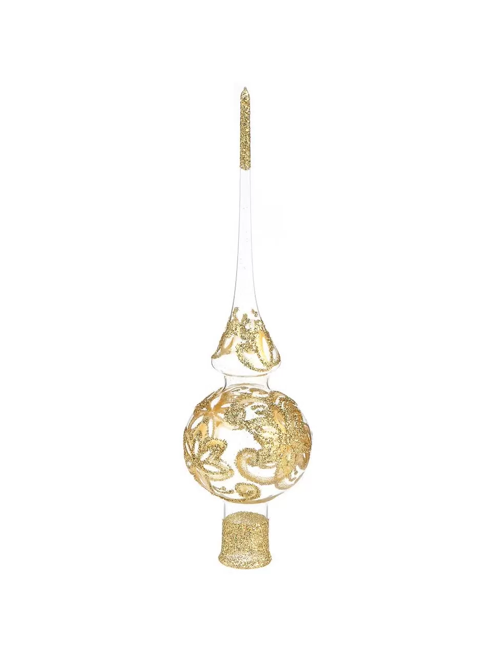 Верхушка на елку Золотой цветок 74: стекло, ручная роспись, блестящее покрытие.
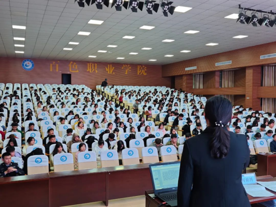 百色職業(yè)學院內氣氛熱烈,師生們齊聚一堂,在宣講會過程中,多位學生積極舉手回答問題,充滿互動性的問答模式,讓學生們對憲法有了更深入的了解,也增強了他們的法律意識和法治觀念。
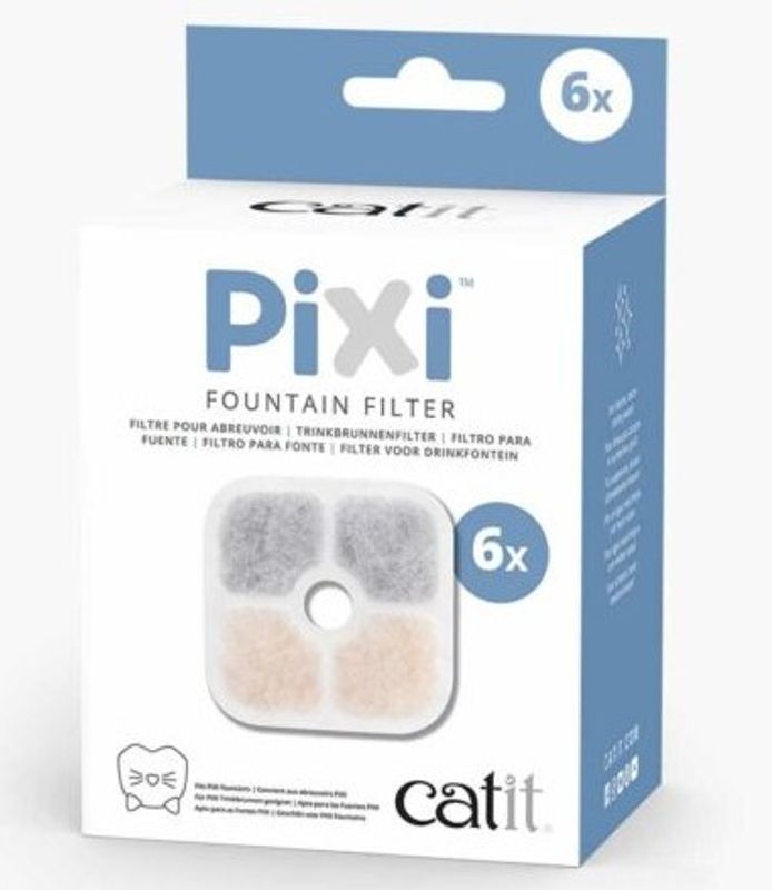 Catit PIXI aktivt kolfilter renar vattnet i fontänen från partiklar, smuts, päls från djur (katthår och hundhår) samt sådant som bidrar till dålig lukt. Detta filter kan även mjuka upp ett spå kallat "hårt vatten" som kan ge kalkavlagringar i fontän och motor.
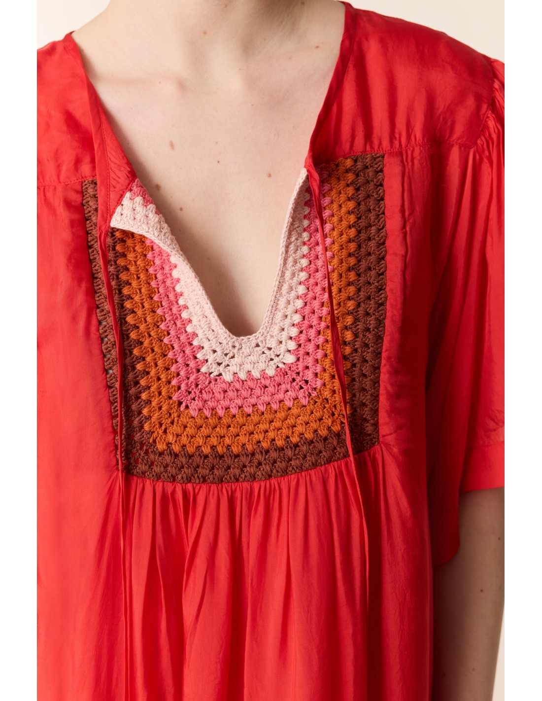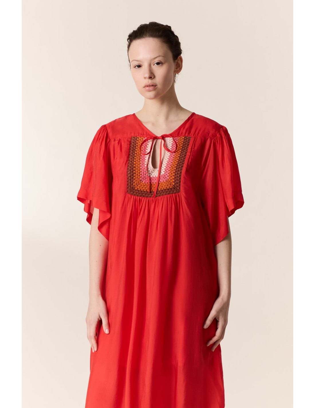 El Vestido Rival de Leon & Harper seduce con su espíritu bohemio y su caída fluida que viste la silueta con ligereza. Realizado en delicado tejid de viscosa con aspecto de seda, este vestido tiene un escote iluminado por un canesú de crochet multicolor tejido artesanalmente. Una pieza icónica, ideal para acompañarte durante todo el verano, de la mañana a la noche, con un par de sandalias.
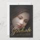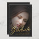 Beautiful misty filter photo overlay with elegant faux gold foil stamped handwritten script. Optional photo insert and graduation party invite text on classic pinstripe backer. Best for darker photo.
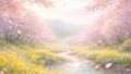 このような 春の光と色が溶け合う瞬間 を表した言葉が「春霞彩光」です。
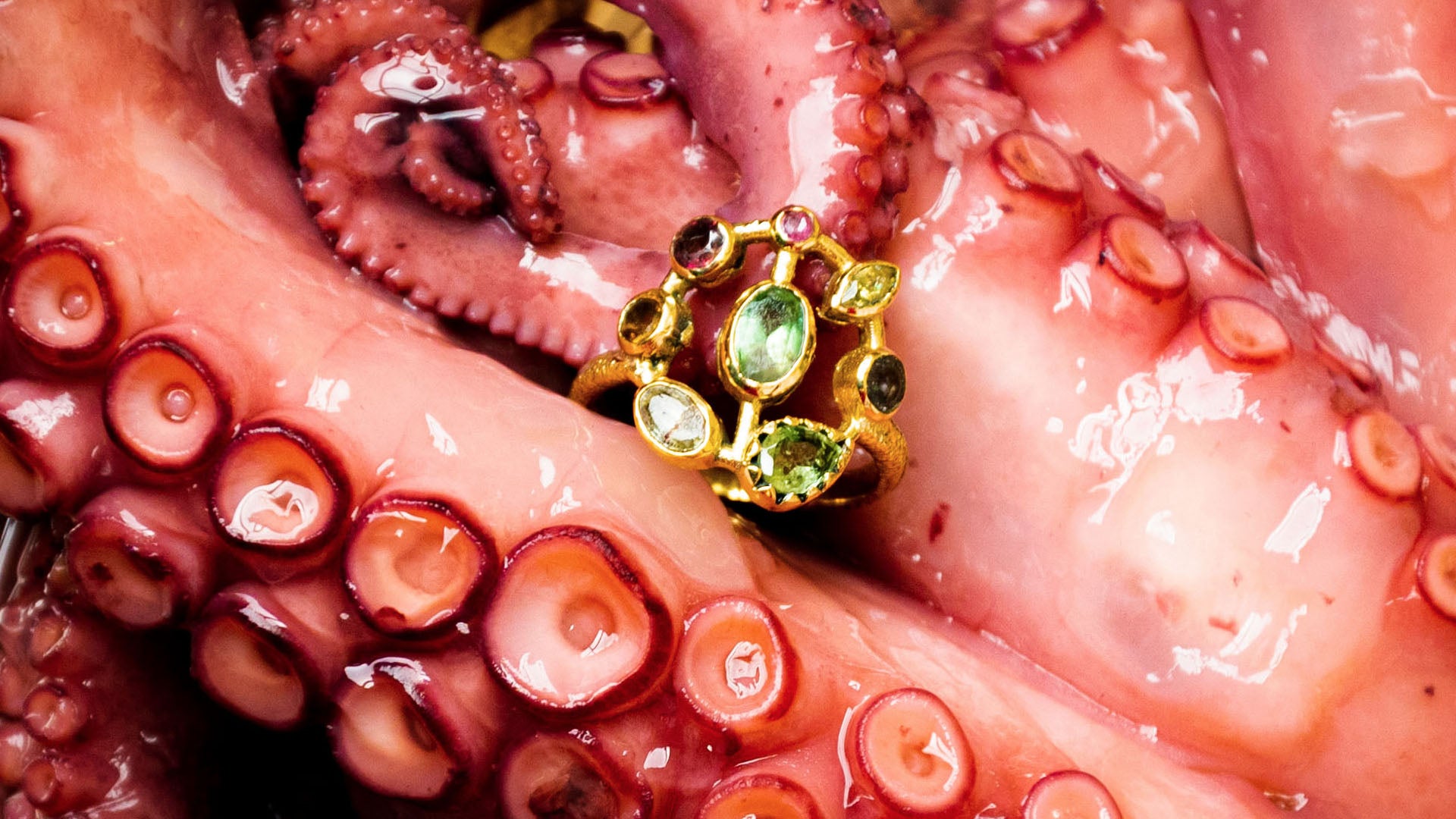 Bague cocktail en Rubis rose dorée à l'Or fin et Multi pierres - Queen

***

• TASK DIRECTIONS: Repeat each record as given. No picture belongs in the copy.

• RESULT:
 Верхушка на елку Золотой цветок 74: стекло, ручная роспись, блестящее покрытие.
 百色職業(yè)學院內氣氛熱烈,師生們齊聚一堂,在宣講會過程中,多位學生積極舉手回答問題,充滿互動性的問答模式,讓學生們對憲法有了更深入的了解,也增強了他們的法律意識和法治觀念。
 Catit PIXI aktivt kolfilter renar vattnet i fontänen från partiklar, smuts, päls från djur (katthår och hundhår) samt sådant som bidrar till dålig lukt. Detta filter kan även mjuka upp ett spå kallat "hårt vatten" som kan ge kalkavlagringar i fontän och motor.
 El Vestido Rival de Leon & Harper seduce con su espíritu bohemio y su caída fluida que viste la silueta con ligereza. Realizado en delicado tejid de viscosa con aspecto de seda, este vestido tiene un escote iluminado por un canesú de crochet multicolor tejido artesanalmente. Una pieza icónica, ideal para acompañarte durante todo el verano, de la mañana a la noche, con un par de sandalias.
 Beautiful misty filter photo overlay with elegant faux gold foil stamped handwritten script. Optional photo insert and graduation party invite text on classic pinstripe backer. Best for darker photo.
 このような 春の光と色が溶け合う瞬間 を表した言葉が「春霞彩光」です。
 Bague cocktail en Rubis rose dorée à l'Or fin et Multi pierres - Queen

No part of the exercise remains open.